//- 💫 DOCS > USAGE > LINGUISTIC FEATURES > TOKENIZATION

p
    |  Tokenization is the task of splitting a text into meaningful segments,
    |  called #[em tokens].  The input to the tokenizer is a unicode text, and
    |  the output is a #[+api("doc") #[code Doc]] object. To construct a
    |  #[code Doc] object, you need a #[+api("vocab") #[code Vocab]] instance,
    |  a sequence of #[code word] strings, and optionally a sequence of
    |  #[code spaces] booleans, which allow you to maintain alignment of the
    |  tokens into the original string.

include ../_spacy-101/_tokenization

+h(4, "101-data") Tokenizer data

p
    |  #[strong Global] and #[strong language-specific] tokenizer data is
    |  supplied via the language data in
    |  #[+src(gh("spaCy", "spacy/lang")) #[code spacy/lang]].
    |  The tokenizer exceptions define special cases like "don't" in English,
    |  which needs to be split into two tokens: #[code {ORTH: "do"}] and
    |  #[code {ORTH: "n't", LEMMA: "not"}]. The prefixes, suffixes and infixes
    |  mosty define punctuation rules – for example, when to split off periods
    |  (at the end of a sentence), and when to leave token containing periods
    |  intact (abbreviations like "U.S.").

+graphic("/assets/img/language_data.svg")
    include ../../assets/img/language_data.svg

+infobox
    |  For more details on the language-specific data, see the
    |  usage guide on #[+a("/usage/adding-languages") adding languages].

+h(3, "special-cases") Adding special case tokenization rules

p
    |  Most domains have at least some idiosyncrasies that require custom
    |  tokenization rules.
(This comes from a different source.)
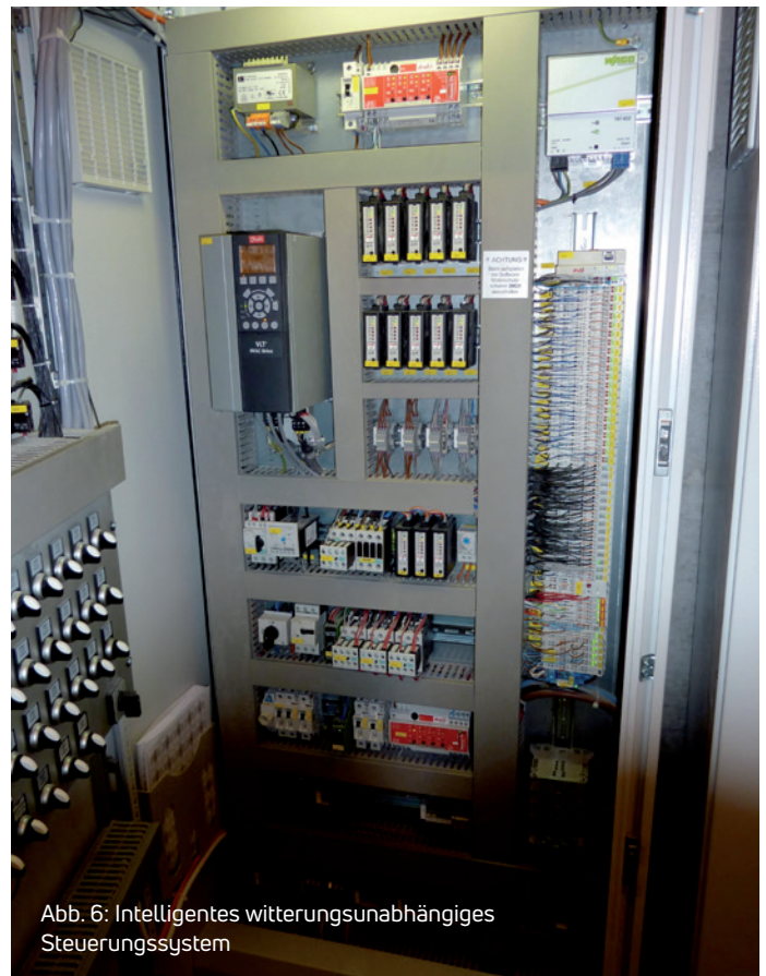
Abb. 6: Intelligentes witterungsunabhängiges Steuerungssystem

This could be very certain expressions, or
    |  abbreviations only used in this specific field.

+aside("Language data vs. custom tokenization")
    |  Tokenization rules that are specific to one language, but can be
    |  #[strong generalised across that language] should ideally live in the
    |  language data in #[+src(gh("spaCy", "spacy/lang")) #[code spacy/lang]] – we
    |  always appreciate pull requests! Anything that's specific to a domain or
    |  text type – like financial trading abbreviations, or Bavarian youth slang
    |  – should be added as a special case rule to your tokenizer instance. If
    |  you're dealing with a lot of customisations, it might make sense to create
    |  an entirely custom subclass.

p
    |  Here's how to add a special case rule to an existing
    |  #[+api("tokenizer") #[code Tokenizer]] instance:

+code.
    import spacy
    from spacy.symbols import ORTH, LEMMA, POS, TAG

    nlp = spacy.load('en')
    doc = nlp(u'gimme that') # phrase to tokenize
    assert [w.text for w in doc] == [u'gimme', u'that'] # current tokenization

    # add special case rule
    special_case = [{ORTH: u'gim', LEMMA: u'give', POS: u'VERB'}, {ORTH: u'me'}]
    nlp.tokenizer.add_special_case(u'gimme', special_case)
    assert [w.text for w in nlp(u'gimme that')] == [u'gim', u'me', u'that']
    # Pronoun lemma is returned as -PRON-!
    assert [w.lemma_ for w in nlp(u'gimme that')] == [u'give', u'-PRON-', u'that']

p
    |  For details on spaCy's custom pronoun lemma #[code -PRON-],
    |  #[+a("/usage/#pron-lemma") see here].
    |  The special case doesn't have to match an entire whitespace-delimited
    |  substring. The tokenizer will incrementally split off punctuation, and
    |  keep looking up the remaining substring:

+code.
    assert 'gimme' not in [w.text for w in nlp(u'gimme!')]
    assert 'gimme' not in [w.text for w in nlp(u'("...gimme...?")')]

p
    |  The special case rules have precedence over the punctuation splitting:

+code.
    special_case = [{ORTH: u'...gimme...?', LEMMA: u'give', TAG: u'VB'}]
    nlp.tokenizer.add_special_case(u'...gimme...?', special_case)
    assert len(nlp(u'...gimme...?')) == 1

p
    |  Because the special-case rules allow you to set arbitrary token
    |  attributes, such as the part-of-speech, lemma, etc, they make a good
    |  mechanism for arbitrary fix-up rules. Having this logic live in the
    |  tokenizer isn't very satisfying from a design perspective, however, so
    |  the API may eventually be exposed on the
    |  #[+api("language") #[code Language]] class itself.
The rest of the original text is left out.